### Required work:
Scan the records below for the line with "Granby vit-grön kuddfodral" and the line with "This is a 2006". Repeat those two lines and every line between them exactly, and nothing else.

### Material for this task:
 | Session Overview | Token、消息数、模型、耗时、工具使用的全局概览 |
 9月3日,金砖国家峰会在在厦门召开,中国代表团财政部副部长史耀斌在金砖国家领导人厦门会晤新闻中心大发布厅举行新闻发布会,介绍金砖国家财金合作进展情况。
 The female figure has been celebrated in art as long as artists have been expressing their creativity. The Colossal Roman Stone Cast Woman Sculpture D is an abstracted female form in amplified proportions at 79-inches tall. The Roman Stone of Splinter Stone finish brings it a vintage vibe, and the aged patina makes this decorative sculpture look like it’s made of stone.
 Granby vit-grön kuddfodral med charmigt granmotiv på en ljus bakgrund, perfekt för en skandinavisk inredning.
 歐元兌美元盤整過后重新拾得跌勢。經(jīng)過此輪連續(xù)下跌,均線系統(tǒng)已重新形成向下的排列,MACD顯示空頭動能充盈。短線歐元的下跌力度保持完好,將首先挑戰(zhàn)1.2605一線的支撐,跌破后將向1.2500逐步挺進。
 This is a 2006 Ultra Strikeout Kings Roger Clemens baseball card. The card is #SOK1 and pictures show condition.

* * *

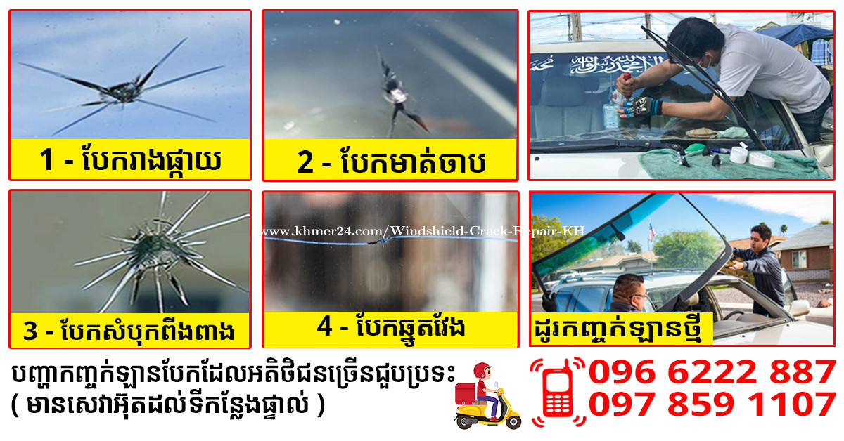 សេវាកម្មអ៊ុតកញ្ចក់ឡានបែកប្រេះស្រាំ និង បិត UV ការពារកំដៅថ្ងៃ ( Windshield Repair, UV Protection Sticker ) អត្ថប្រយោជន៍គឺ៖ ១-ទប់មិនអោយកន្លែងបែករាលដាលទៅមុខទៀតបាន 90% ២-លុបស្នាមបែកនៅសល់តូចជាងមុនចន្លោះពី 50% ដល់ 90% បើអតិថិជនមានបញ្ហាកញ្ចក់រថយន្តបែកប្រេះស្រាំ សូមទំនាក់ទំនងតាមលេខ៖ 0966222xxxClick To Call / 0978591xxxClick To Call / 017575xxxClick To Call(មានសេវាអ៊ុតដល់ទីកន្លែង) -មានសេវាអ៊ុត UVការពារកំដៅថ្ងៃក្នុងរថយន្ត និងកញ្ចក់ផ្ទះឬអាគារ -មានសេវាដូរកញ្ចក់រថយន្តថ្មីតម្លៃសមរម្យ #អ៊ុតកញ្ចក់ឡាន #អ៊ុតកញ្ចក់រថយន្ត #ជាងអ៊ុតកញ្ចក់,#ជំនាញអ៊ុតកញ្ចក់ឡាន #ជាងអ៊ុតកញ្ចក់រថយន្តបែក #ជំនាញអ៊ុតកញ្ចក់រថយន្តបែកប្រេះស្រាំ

==

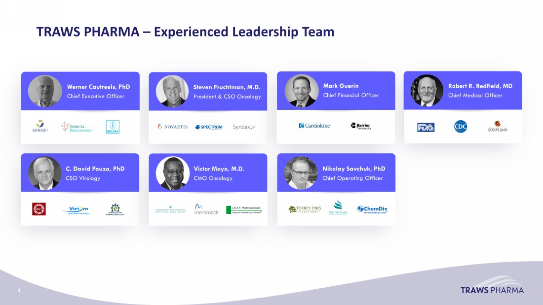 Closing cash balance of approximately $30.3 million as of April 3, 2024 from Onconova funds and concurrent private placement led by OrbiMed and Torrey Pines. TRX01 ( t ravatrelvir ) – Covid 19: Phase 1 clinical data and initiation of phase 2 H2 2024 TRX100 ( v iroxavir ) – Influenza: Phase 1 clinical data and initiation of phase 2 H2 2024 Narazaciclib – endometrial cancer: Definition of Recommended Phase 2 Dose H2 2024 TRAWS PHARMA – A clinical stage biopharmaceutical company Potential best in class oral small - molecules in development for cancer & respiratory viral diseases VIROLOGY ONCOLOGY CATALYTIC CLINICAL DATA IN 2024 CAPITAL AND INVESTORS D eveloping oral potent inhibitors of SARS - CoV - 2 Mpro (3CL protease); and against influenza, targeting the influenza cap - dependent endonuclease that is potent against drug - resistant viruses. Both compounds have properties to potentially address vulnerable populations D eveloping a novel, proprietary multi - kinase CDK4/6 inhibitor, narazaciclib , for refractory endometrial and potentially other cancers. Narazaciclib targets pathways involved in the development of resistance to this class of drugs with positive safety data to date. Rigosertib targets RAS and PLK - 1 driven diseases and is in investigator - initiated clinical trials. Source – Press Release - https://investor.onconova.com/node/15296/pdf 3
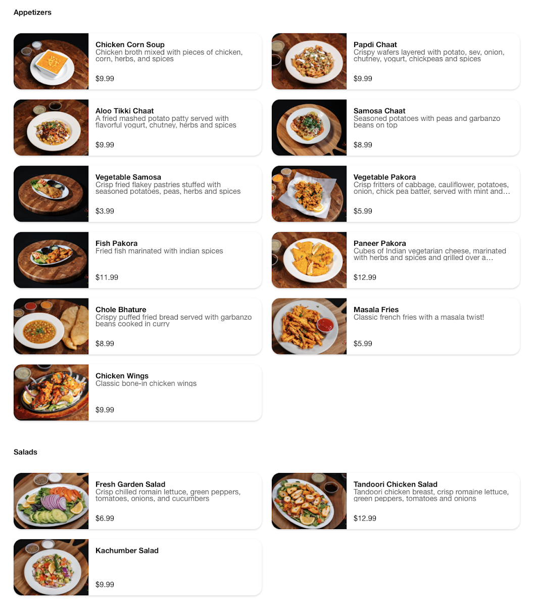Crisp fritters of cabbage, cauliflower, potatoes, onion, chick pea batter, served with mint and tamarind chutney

### Your solution:
 Granby vit-grön kuddfodral med charmigt granmotiv på en ljus bakgrund, perfekt för en skandinavisk inredning.
 歐元兌美元盤整過后重新拾得跌勢。經(jīng)過此輪連續(xù)下跌,均線系統(tǒng)已重新形成向下的排列,MACD顯示空頭動能充盈。短線歐元的下跌力度保持完好,將首先挑戰(zhàn)1.2605一線的支撐,跌破后將向1.2500逐步挺進。
 This is a 2006 Ultra Strikeout Kings Roger Clemens baseball card. The card is #SOK1 and pictures show condition.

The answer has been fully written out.